After US aid cuts, data shows HIV testing drops in South Africa

Yahoo14-05-2025

STORY: The testing and monitoring of HIV patients in South Africa has significantly fallen, previously unpublished government data has shown.
That's since, and - according to four HIV experts - appears to be because of, a U.S. cut in aid that funded health workers and clinics.
"Wow, people, they're going to die. Really. People, they're going to die."
That's Sophy Moatshe, an HIV activist and community leader in the Johannesburg township of Diepsloot.
South Africa has the world's highest burden of HIV; around 8 million people, or one-in-five adults, live with the virus.
But Moatshe said it can be hard to get HIV patients to seek care because of stigma.
The U.S. was funding 17% of South Africa's HIV budget before President Donald Trump's cuts.

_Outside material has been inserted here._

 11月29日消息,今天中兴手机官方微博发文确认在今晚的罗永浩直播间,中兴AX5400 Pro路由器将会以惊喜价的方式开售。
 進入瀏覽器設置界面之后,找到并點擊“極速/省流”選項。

That paid for resources like, for example, the salaries of 15,000 healthcare workers under the U.S. President's Emergency Plan for AIDS Relief, or PEPFAR.

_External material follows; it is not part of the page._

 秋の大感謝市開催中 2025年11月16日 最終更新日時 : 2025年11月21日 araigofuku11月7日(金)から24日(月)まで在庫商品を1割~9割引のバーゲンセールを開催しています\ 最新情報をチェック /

Those healthcare workers carried out tests and counseling and followed up with patients.
PEPFAR funding also supported NGO-run clinics which have now closed.
Having frozen many foreign aid programs, Trump has reinstated some lifesaving assistance - including parts of PEPFAR.
But he's also targeted South Africa specifically - cutting all funding to the country via an executive order in February.
In the last two months, according to data from South Africa's National Health Laboratory Service, viral load testing has fallen.
It measures how much of the virus is in the blood of people living with HIV who are on anti-retroviral treatment.
That checks if treatment is working and if the virus is sufficiently suppressed to prevent it from spreading to others.
Viral load testing is down more than 21% for pregnant women, the data showed, while early infant diagnostic testing has dropped almost 20%.
Epidemiologist Dvora Joseph Davey:
"So if all of this testing is not getting done, we don't know what level of virus pregnant women have. We don't know how many infants are acquiring HIV. And unfortunately, all of these people are the most vulnerable in our society here. And so pregnant women and infants are at extreme risk of HIV infection, HIV transmission without PEPFAR and the government of South Africa's support."
Amid Trump's 'America First' agenda, the long-term future of HIV-related U.S. assistance - in South Africa and indeed the rest of the world - remains unclear.
The U.S. State Department did not immediately respond to a request for comment.
A spokesperson for South Africa's Department of Health, given a summary of the testing data, said more analysis was needed.
He added that South Africa already had challenges with patient retention and viral load testing before the aid cuts.
However, HIV experts have been saying for months that the health ministry has been downplaying the impact of the funding loss.
A drop in testing figures could be an early warning sign, they added, followed by a rise in new cases and deaths.